Artifacts are saved into `../output/readmitted_binary/`.


In [None]:

# =========================
# 6) Evaluation helpers
# =========================
def save_confusion_matrix(cm, title, filename):
    plt.figure(figsize=(6, 5))
    plt.imshow(cm, interpolation="nearest")
    plt.title(title)
    plt.colorbar()
    tick_marks = np.arange(2)
    plt.xticks(tick_marks, ["0", "1"])
    plt.yticks(tick_marks, ["0", "1"])
    thresh = cm.max() / 2.0
    for i in range(cm.shape[0]):
        for j in range(cm.shape[1]):
            plt.text(j, i, format(int(cm[i, j]), "d"),
                     ha="center", va="center",
                     color="white" if cm[i, j] > thresh else "black")
    plt.ylabel("True label")
    plt.xlabel("Predicted label")
    plt.tight_layout()
    plt.savefig(filename, dpi=150)
    plt.close()

def save_roc_curve(y_true, y_prob, title, filename):
    fpr, tpr, _ = roc_curve(y_true, y_prob)
    auc_val = roc_auc_score(y_true, y_prob)
    plt.figure(figsize=(7, 6))
    plt.plot(fpr, tpr, label=f"AUC = {auc_val:.4f}")
    plt.plot([0, 1], [0, 1], linestyle="--")
    plt.xlabel("False Positive Rate")
    plt.ylabel("True Positive Rate")
    plt.title(title)
    plt.legend(loc="lower right")
    plt.tight_layout()
    plt.savefig(filename, dpi=150)
    plt.close()
    return auc_val

def evaluate_and_save(name, model, X_test, y_test):
    y_pred = model.predict(X_test)
    if hasattr(model, "predict_proba"):
        y_prob = model.predict_proba(X_test)[:, 1]
    else:
        y_prob = model.decision_function(X_test)
        y_prob = (y_prob - y_prob.min()) / (y_prob.max() - y_prob.min() + 1e-9)

    auc_val = roc_auc_score(y_test, y_prob)
    acc = accuracy_score(y_test, y_pred)
    prec = precision_score(y_test, y_pred, zero_division=0)
    rec = recall_score(y_test, y_pred, zero_division=0)
    f1 = f1_score(y_test, y_pred, zero_division=0)

    print(f"\n=== {name} (Test Set) ===")
    print(f"ROC-AUC: {auc_val:.4f}")
    print(f"Accuracy: {acc:.4f} | Precision: {prec:.4f} | Recall: {rec:.4f} | F1: {f1:.4f}")
    print("\nClassification Report:")
    print(classification_report(y_test, y_pred, digits=4))

    cm = confusion_matrix(y_test, y_pred)
    cm_path = os.path.join(OUT_DIR, f"confusion_matrix_{name}.png")
    save_confusion_matrix(cm, f"Confusion Matrix - {name}", cm_path)

    roc_path = os.path.join(OUT_DIR, f"roc_{name}.png")
    save_roc_curve(y_test, y_prob, f"ROC Curve - {name}", roc_path)

    return {"Model": name, "ROC_AUC": auc_val, "Accuracy": acc, "Precision": prec, "Recall": rec, "F1": f1}

best_lr = lr_grid.best_estimator_
best_xgb = xgb_grid.best_estimator_

results = []
results.append(evaluate_and_save("LogReg_GridSearch", best_lr, X_test, y_test))
results.append(evaluate_and_save("XGB_GridSearch", best_xgb, X_test, y_test))

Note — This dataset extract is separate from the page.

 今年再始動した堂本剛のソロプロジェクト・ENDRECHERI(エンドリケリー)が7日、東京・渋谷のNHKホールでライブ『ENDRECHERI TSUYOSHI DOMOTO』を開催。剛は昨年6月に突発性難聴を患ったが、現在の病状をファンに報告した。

results_df = pd.DataFrame(results).sort_values("ROC_AUC", ascending=False)
results_df


---
## 7) Save Summary Table + Optional Feature Importance (XGBoost)


In [None]:

# =========================
# 7) Save summary + feature importance
# =========================
summary_path = os.path.join(OUT_DIR, "model_comparison_summary_gridsearch.csv")
results_df.to_csv(summary_path, index=False)
print("Saved:", os.path.abspath(summary_path))

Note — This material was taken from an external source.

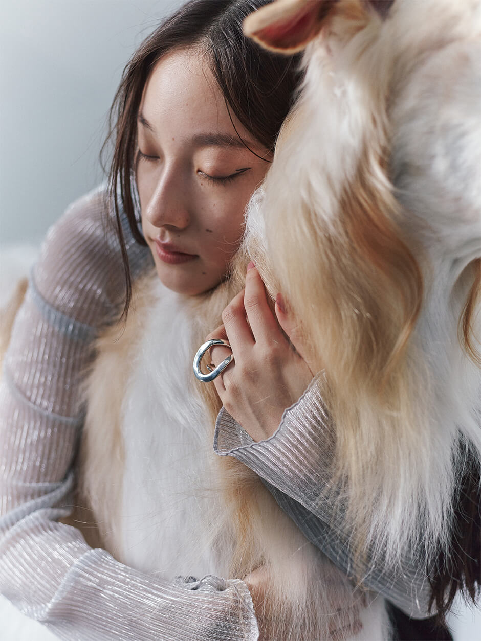 top by HONEY MI HONEY, scarf by AMUBLATT, ring by AGU

# Feature importance (Top 15) for XGBoost
if hasattr(best_xgb, "feature_importances_"):
    importances = pd.Series(best_xgb.feature_importances_, index=X.columns).sort_values(ascending=False).head(15)
    fi_csv = os.path.join(OUT_DIR, "feature_importance_XGB_GridSearch_top15.csv")
    importances.to_csv(fi_csv, header=["importance"])

    plt.figure(figsize=(10, 6))
    importances.sort_values().plot(kind="barh")
    plt.title("Top 15 Feature Importances - XGBoost (GridSearch Best Model)")
    plt.xlabel("Importance")
    plt.tight_layout()
    fi_png = os.path.join(OUT_DIR, "feature_importance_XGB_GridSearch_top15.png")
    plt.savefig(fi_png, dpi=150)
    plt.close()

    print("Saved:", os.path.abspath(fi_csv))
    print("Saved:", os.path.abspath(fi_png))


---
## 8) Interpretation (Non-Technical Takeaway)
- **ROC-AUC** evaluates how well the model ranks high-risk patients across different thresholds (helpful when classes are imbalanced).
- **GridSearchCV + 5-fold stratified CV** reduces the risk of overfitting to a single train/test split.
- **XGBoost feature importance** supports interpretability and can guide discharge planning actions.